A new report by the American Hunters and Shooters Association (which I founded in 2006) reveals an ugly truth: The NRA’s leadership is spending its members’ money to support the campaigns of the biggest conservation opponents in Congress.

For example, 144 House members supported the Roadless Conservation Act of 2007, which seeks to limit road construction and corporate development in our national forests. Those 144 members received an average grade of D-minus from the NRA. Meanwhile, the 291 House members on the other side of the issue averaged B-pluses— and seven times as much campaign money from the NRA.

Did the NRA’s leaders even take a position on the Roadless Conservation Act of 2007? No. They are flat-out ignoring conservation issues.

Given this, it’s not surprising that since 2000, the NRA’s leaders have contributed $4.1 million in campaign money to support the 193 members of Congress who received poor ratings from the League of Conservation Voters (LCV) and only $390,897 — more than 10 times less — to the 245 members of Congress who have received high ratings from LCV. (The report is available online at www.huntersandshooters.org/ nrareport. pdf.) The NRA’s campaign contributions, endorsements and ratings of members of Congress expose the organization’s strong anti-conservation bias. Despite its lofty bylaws and forest-friendly tag lines, the NRA is standing by silently as its allies in Congress are helping to destroy America’s wilderness.
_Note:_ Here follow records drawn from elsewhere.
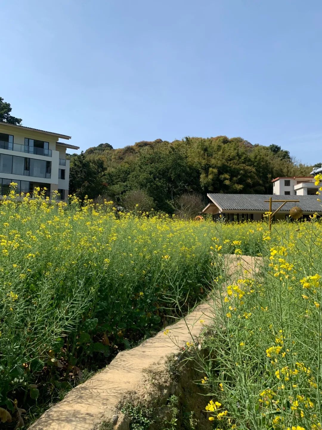 在该民宿前方,一片茂密的油菜花花香四溢,引来蜂飞蝶舞。当地村民介绍,这片田地轮种油菜花和水稻,一年四季均有风景可欣赏。从云山秋月附近的八哥奈野花园继续前行,到达路边护栏尽头后进山,还观赏到盛开的禾雀花。
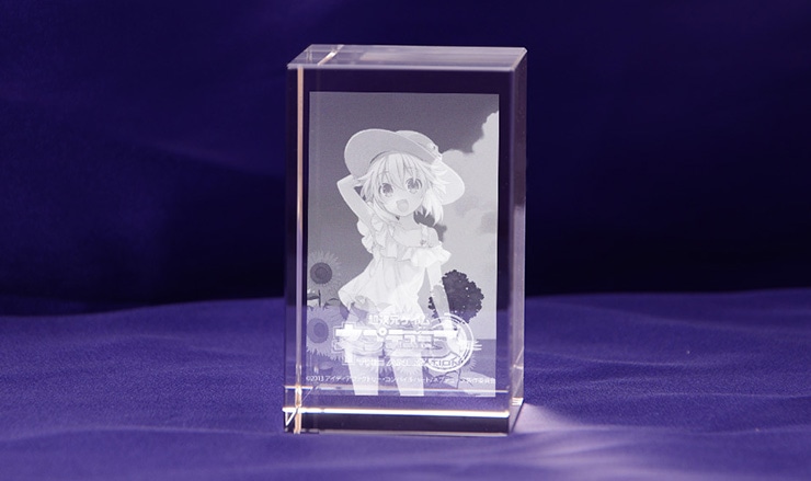 フィギュアの元イラストである夏服のネプテューヌを、クリスタルキューブ内に3D立体レーザー彫刻で再現した3Dクリスタルです。
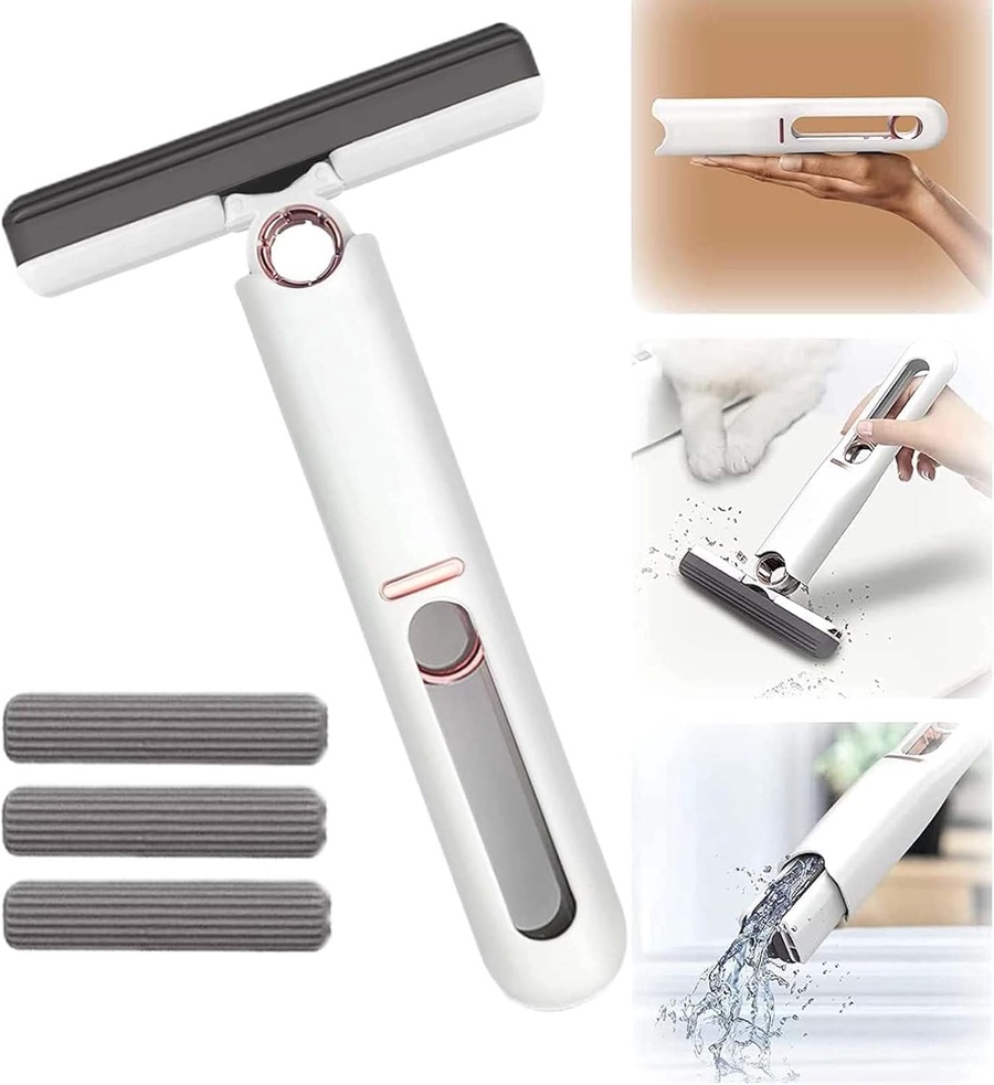 عرض 1+1 - ممسحه موب قصيرة محمولة ذاتية الضغط، لتنظيف بدون استخدام اليدين
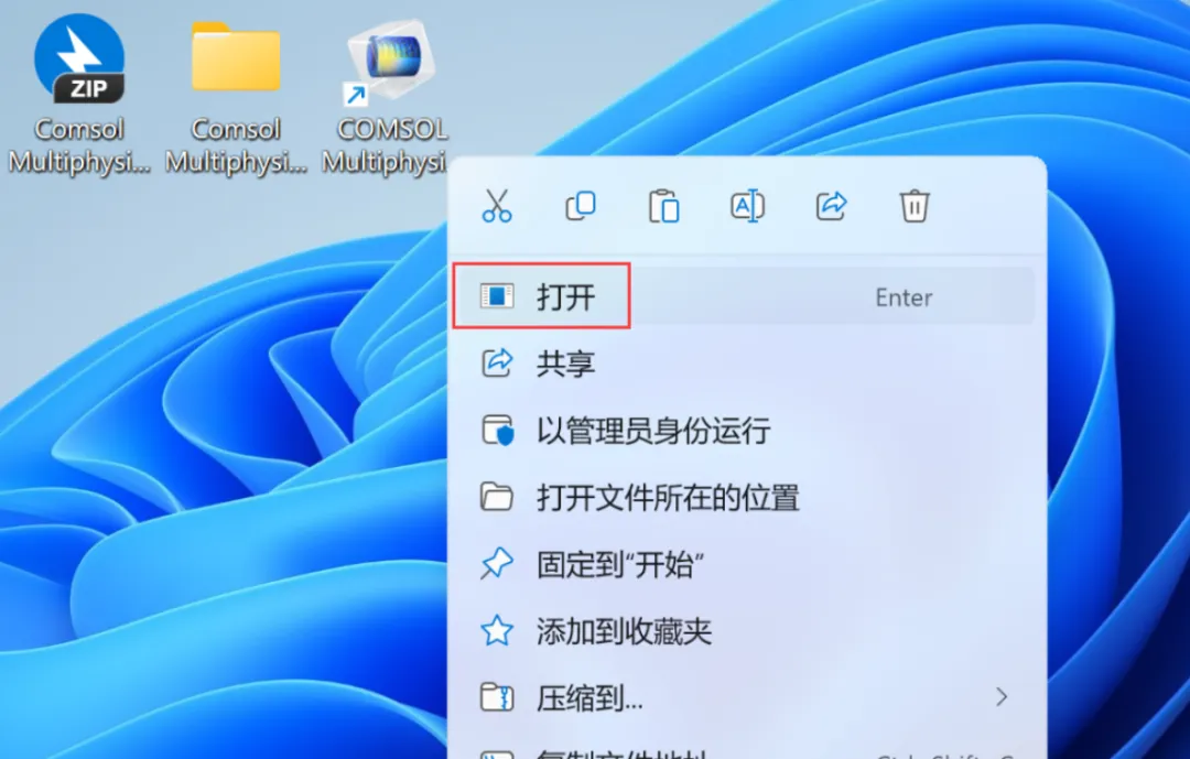 15、回到桌面,右键桌面上的【Comsol Multiphysics 6.3软件图标】,点击【打开】
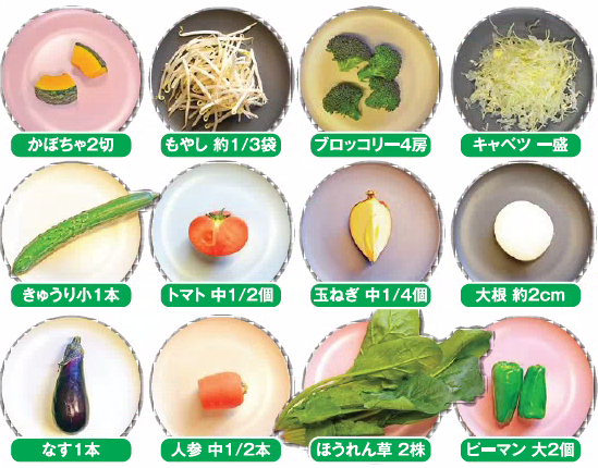 緑黄色野菜2皿、淡色野菜3皿を目安にとりましょう。
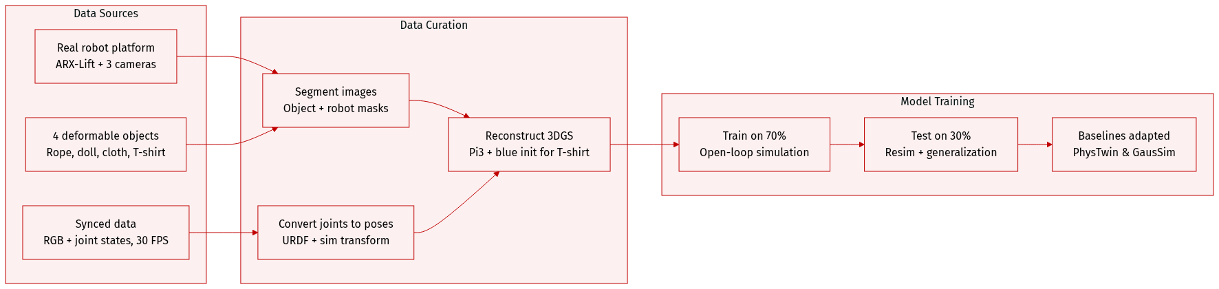 • The authors collect real-world robot manipulation data on an ARX-Lift platform, featuring four deformable objects: rope, doll, cloth, and T-shirt. Each object has 30–40 sequences, with 100–150 frames per sequence, captured at 640×480 resolution and 30 FPS alongside synchronized robot joint states. Datasets are split 7:3 into training and test sets.
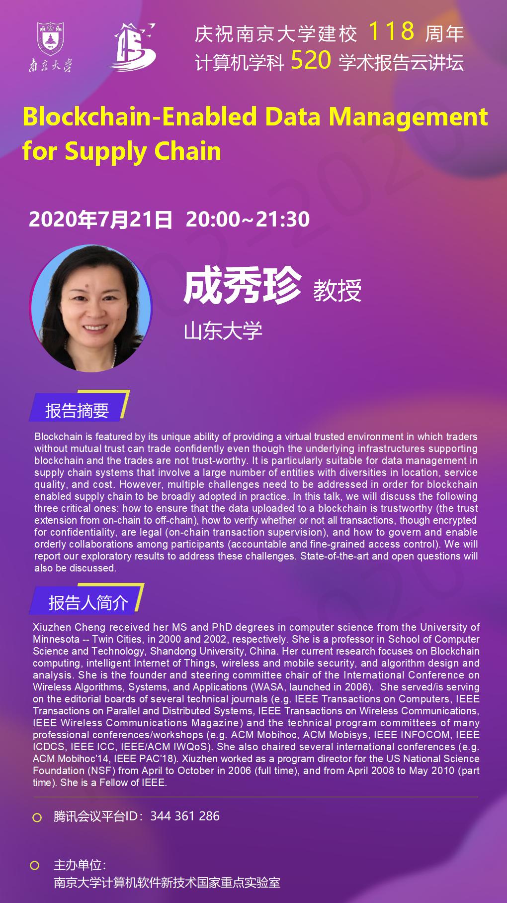 庆祝伟德国际1946bv建校118周年 计算机学科520学术报告云讲坛- 成秀珍 教授
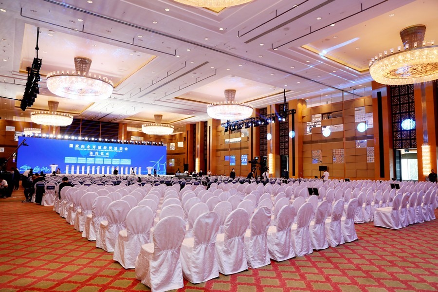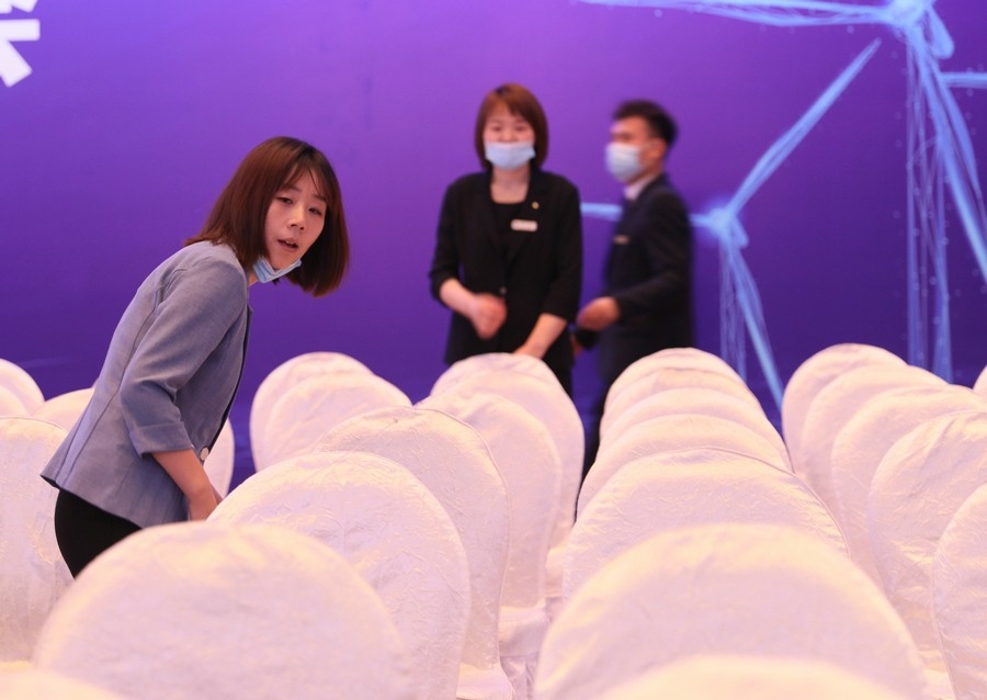 會場基本布置完畢,工作人員正在進(jìn)行流程彩排

Hunting is an American tradition that depends on conserving America’s wilderness and wildlife. To fully enjoy our rights and heritage, hunters and shooters deserve leadership that will protect our guns and our land. America’s hunters are beginning to ask whether anyone in Washington recognizes that.

The American Hunters and Shooters Association, unlike the NRA, is dedicated both to protecting the gun rights of Americans and preserving America’s hunting heritage through conservation and responsible wildlife management. We understand the crucial relationship between protecting our rights as gun owners and protecting the lands we love.

America’s hunters and shooters should no longer stand by the NRA because it’s clear the NRA has long stopped standing up for them.

Ray Schoenke is president of American Hunters and Shooters.